Central midfield has also been a huge problem area for United over the last number of seasons and at times during this campaign a veritable Mack Truck could have been driven through the heart of the United team without too much trouble.
With Spurs now arguably possessing their strongest midfield in decades United will have their work cut out for them.
Paul Scholes and Ryan Giggs are finished as far as the modern game and 90 minutes of pure action is concerned. But, they are still the best central midfielders, particularly Scholes, which Ferguson has at his disposal.
This week saw the much welcomed re-introduction of Darren Fletcher and Tom Cleverly to the United fold and if these two players can be brought back to Premier League speed quickly many of the Red Devils' midfield problems will go away.
The superb Japanese playmaker Shinji Kagawa seems destined to start, as do Antonio Valencia and Michael Carrick. Meaning the biggest headache for Ferguson will be how to accommodate Luis Nani, Fletcher, Cleverly, Scholes, Giggs and the returning talisman that is Wayne Rooney.
It would seem that none from Rooney, Fletcher or Cleverly are quite ready for 90 minutes of Premier League action just yet, but one suspects that Ferguson may well start with one of them, possibly Rooney in an advanced role, and make a change late on.
Should Rooney play, his phenomenal versatility should almost guarantee him a free role alongside Kagawa and just behind Robin van Persie in attack.
This is the area of the pitch where United are strongest and where Spurs are weakest so going to Old Trafford, as they have done in recent years, and trying to hold out for a draw or to nick a win would be tantamount to football suicide.

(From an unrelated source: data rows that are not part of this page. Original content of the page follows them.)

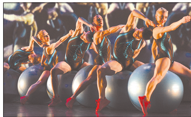
MOMIX Alice Caterpillar.
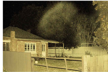
Night Spirits No. 7 , 2013, photographs mounted behind acrylic, 10 x 59 in (26 x 150 cm)

Spirit Landscapes is a major new body of work from Tracey Moffatt, comprising six distinct components: five different photographic series and a moving image piece. It represents the artist's return to highly personal themes relating to family, home, and the land, specifically within the context of her Australian Aboriginal heritage. A key concept is the notion of a "return to country," a seeking out of one's ancestral lands and an attempt to reconnect with history and tradition. After many years living abroad, Moffatt began a three year exploration of places in her native Australia that were scenes of important events in her own life and that of her family. The resulting body of work, her first since the Plantation series of 2009, reflects on the way her personal story is intertwined with the often tragic history of race relations in Australia. Yet, as Moffatt points out, it can also be "opened up" and read as a universal meditation on the significance of land and place.
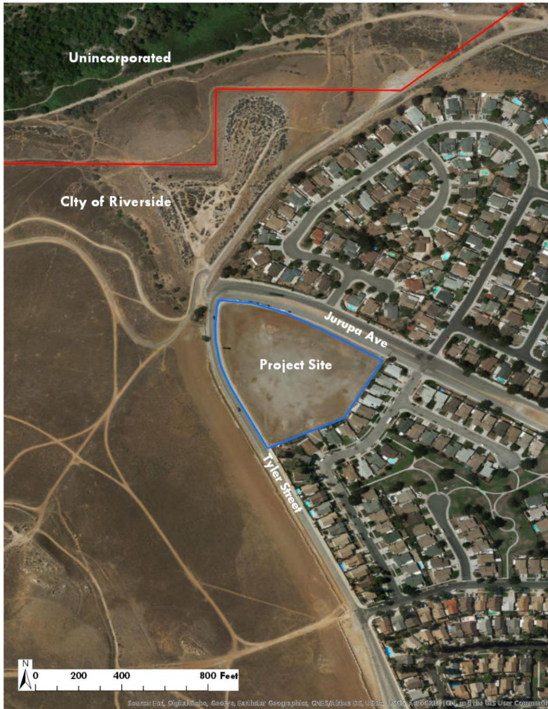
Figure 3, Aerial Photograph
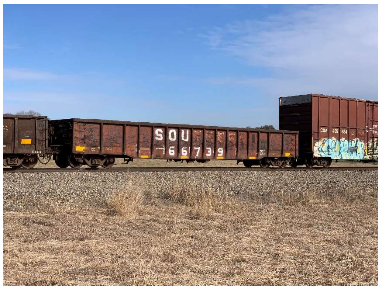
[Right] January 30, 2022, is when I ran across this Southern Gondola #66739. I was in Limestone on a chilly afternoon.
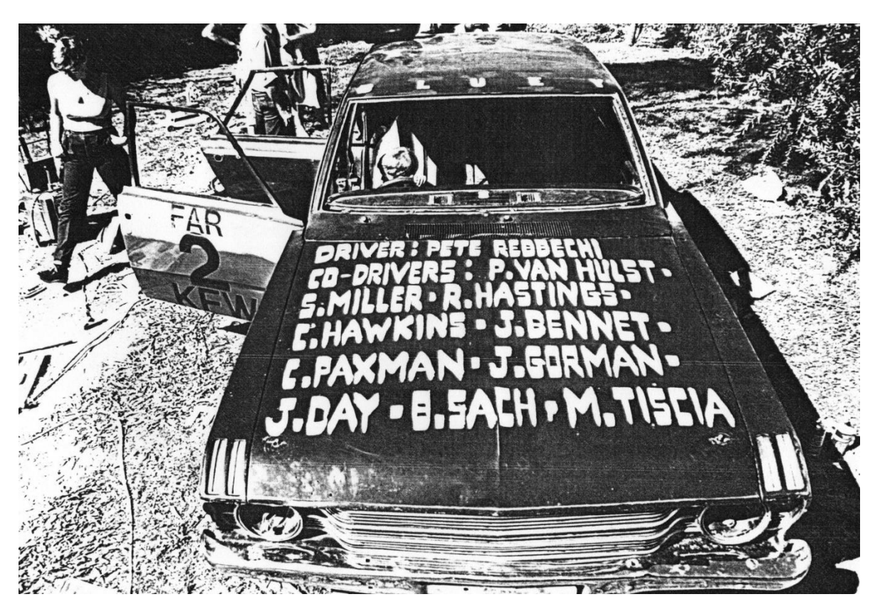
1985 – An old valiant the younger employees did up for a derby
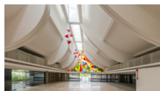
Former Trinity Theological College Chapel

2018 Special Mention: 3 conserved buildings in Sophia Hills Development, namely the former Trinity Theological College Chapel, former Nan Hwa Girls' School and the Olson Building of the former Methodist Girls' School.
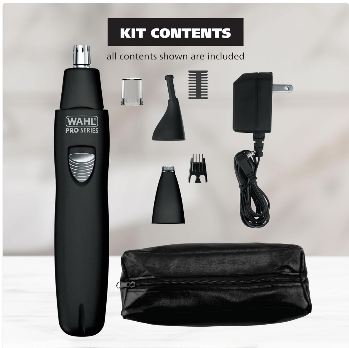
Figure 2: All components included in the Wahl Pro Series Trimmer kit.
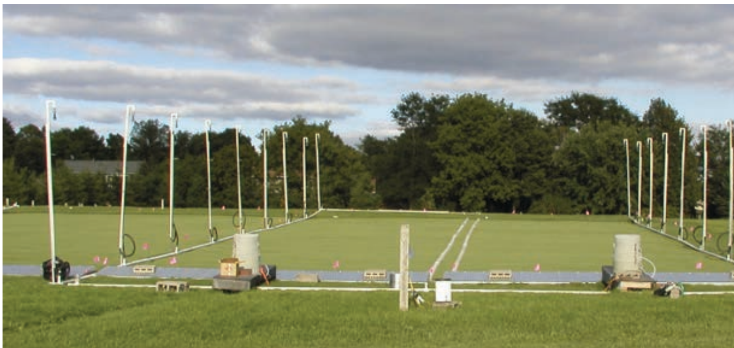
Figure 3. A rainfall simulator deliver precipitation resembling storm intensities recorded in Minnesota, USA. Runoff collection gutters guided runoff from the turf to flumes equipped with automated samplers and flow meters. Gutter covers and flume shields prevented dilution of runoff with precipitation.

of that area represented by fairway turf. Estimated pesticide concentrations in a pond receiving runoff from fairway turf managed with solid tine or hollow tine core cultivation were compared to published toxicity data to evaluate which core cultivation practice would be the most efficient at reducing environmental impacts. A detailed description of the calculations, toxicity data and statistical analysis are provided elsewhere (28).
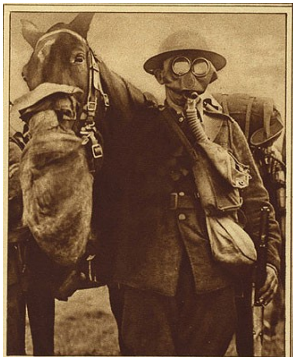
NOT ONLY THE MEN, BUT HORSES, ARE COMPELLED TO WEAR MASKS, AS THESE UNITS OF BRITISH CAVALRY ARE DOING, WHEN IN GAS INFESTED REGION.
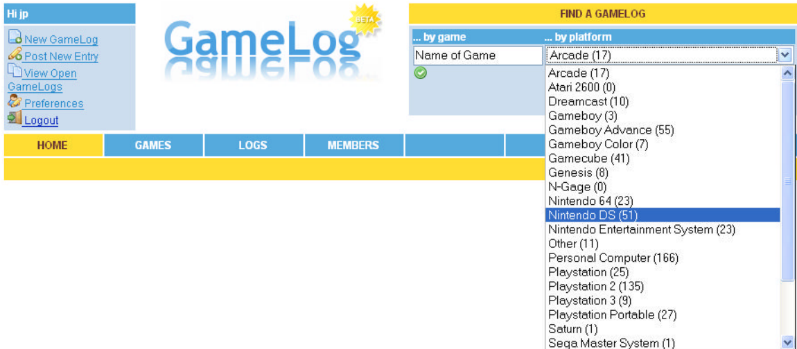
Figure 8: Search Options in Navigation Bar

For each GameLog created, the author of that GameLog can write new entries as well as update the status of each GameLog. Figure 9 shows an example of the interface a user sees for all of their open GameLogs (defined as GameLog's whose status is either "Playing" or "Played occasionally"). There are similar pages for seeing all of a user's GameLogs regardless of status and finished or closed GameLogs (defined as GameLog's whose status is not "Playing" or "Played occasionally"). Figure 10 shows the interface from which a user can set each GameLog's status to any of the following: "Playing", "Finished playing", "Stopped playing - Got Bored", "Stopped playing - Got frustrated", "Stopped playing - Technical problems", "Played occasionally", "Stopped playing - Something better came along". Additionally, it is possible to write a short opinion about each game as well as assign it a numerical rating ranging from one (abysmal) to five (excellent).
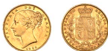
G 379 Sovereign, 1856 (M 39; S 3852D). Good extremely fine
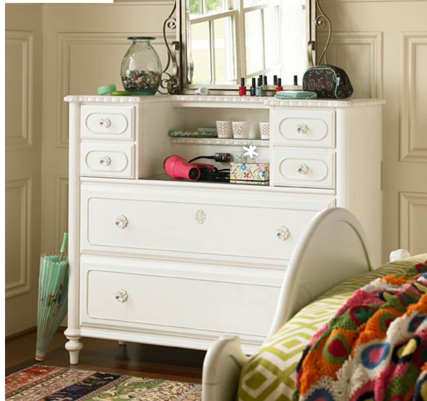
Memoir Mirror 330A033 / 36w x 2d x 37h

*smart An electrical outlet exactly where you need it. Cool, huh?
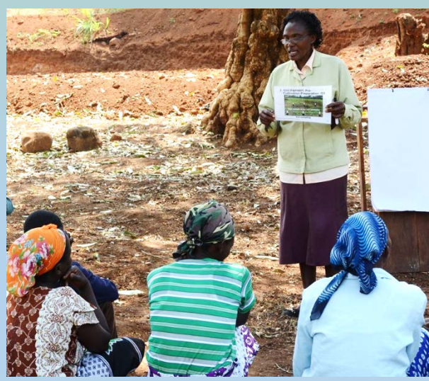
Utilizing Kamishibai to train farmers.
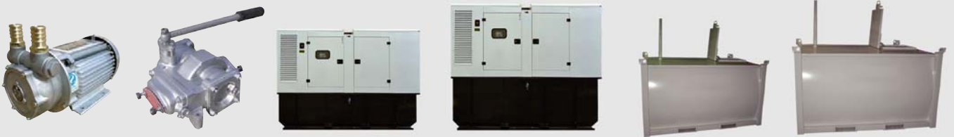
Auto filling fuel pump
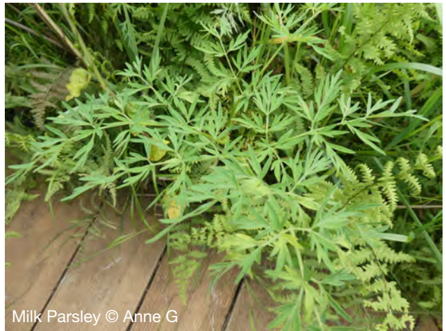
Milk Parsley
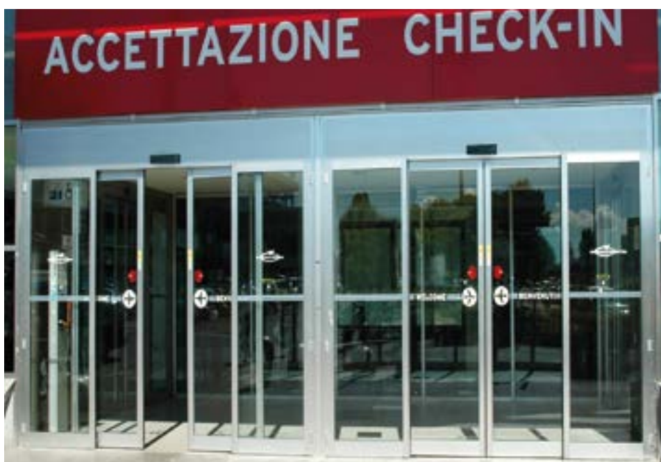
Airport main entrances - AS3 for its performant technical characteristics is suitable for heavy airport traffic flow
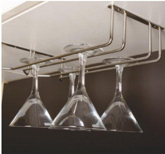
Wine Glass Holder - Double
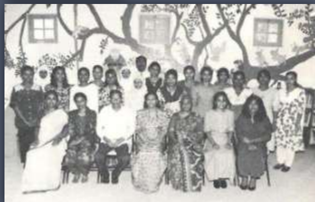
MLA joins in the celebration of the National Library's 50 th Anniversary, 1995
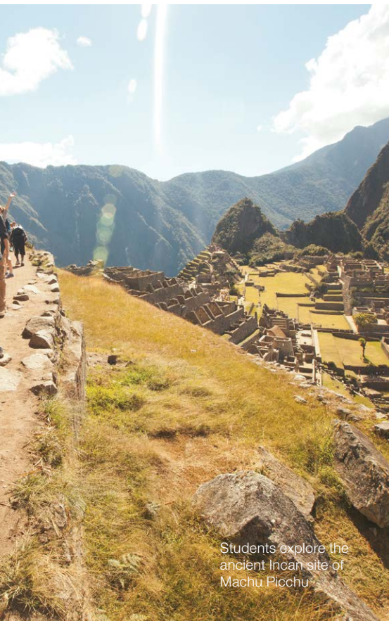
Students explore the ancient Incan site of Machu Picchu
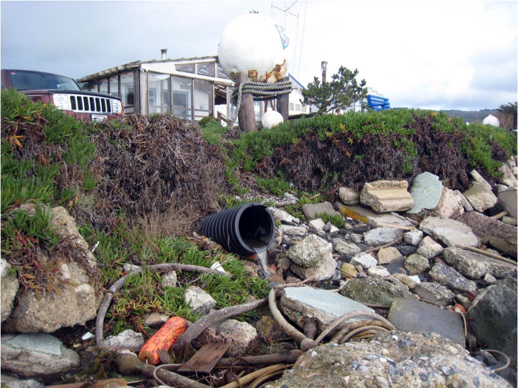
Vassar shoreline access - 2010
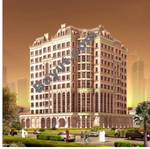
Cambridge Business Centre Exterior View
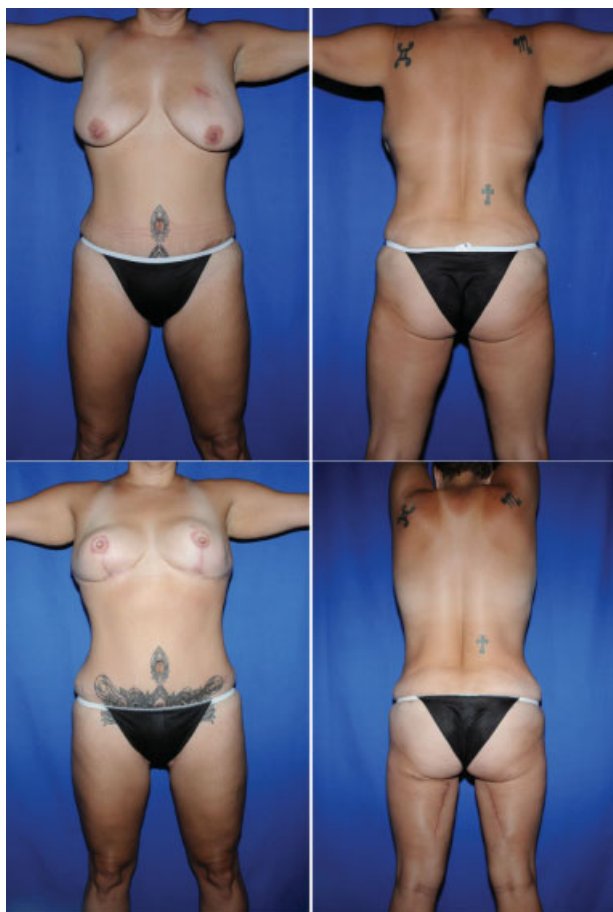
Fig. 1 Preoperative appearance of a 42-year-old female patient with unilateral multifocal ductal carcinoma in situ (upper left and right) that underwent bilateral mastectomies and immediate autologous breast reconstruction using a fleur-de-lis modification of the profunda artery perforator flap. After 6 months of the initial operation the patient underwent a second stage procedure that included bilateral fat grafting to improve contour and volume of the reconstructed breasts (lower left). No donor-site revisions were undertaken as the patient was satisfied with the postoperative appearance of her lower extremities (lower right).

posterior flap was completed using a tailor-tacking technique to avoid undue tension during the closure.
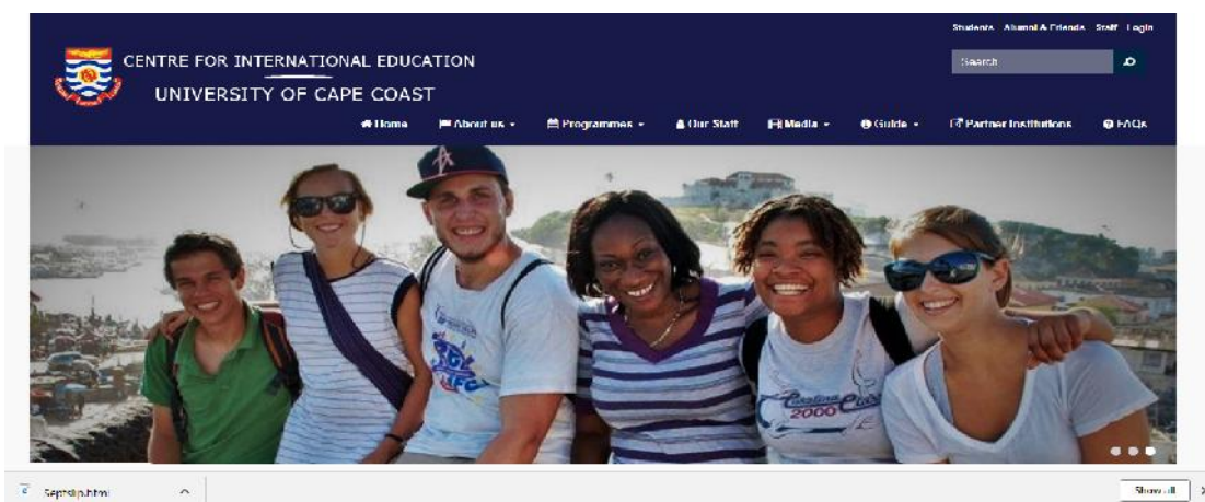
Figure 3. Photograph of international students on an excursion.

If it is the case that the verbal mode constitutes the organising frame of the discourse in the case of the UG's website, the reverse is true for UCC. In the case of this institutional discourse, constructed on the website of UCC, we see clearly that the visual mode is the central semiotic resource used in the discursive construction of the institution's identity. The visual mode is used to realise both claim expression and claim justification. Figure 3 will be used to explicate this position.
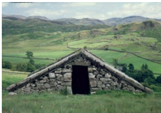
NO. 6 Peat huts above Boot, Eskdale
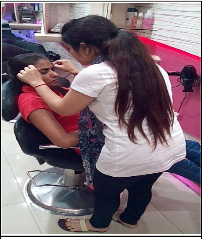
Posture III: Respondent performing threading by standing

The posture taken by the respondents in three different activities were analysed such as waxing, threading and pedicure. The results of the same are presented below:

Taking this tactical battle into account you can see exactly why Andre Villas-Boas will set his team up to attack.
Put all of these elements together and you have the basic ingredients for the first real classic of the Premier League season.
Will Andre Villas-Boas and Spurs see the stars align in such a perfect order for the first time in 23 years? Will United romp away with their seventh win in seven games?
All will be revealed on Saturday, but one thing is for sure; Manchester United vs. Spurs is the key Premier League fixture this weekend.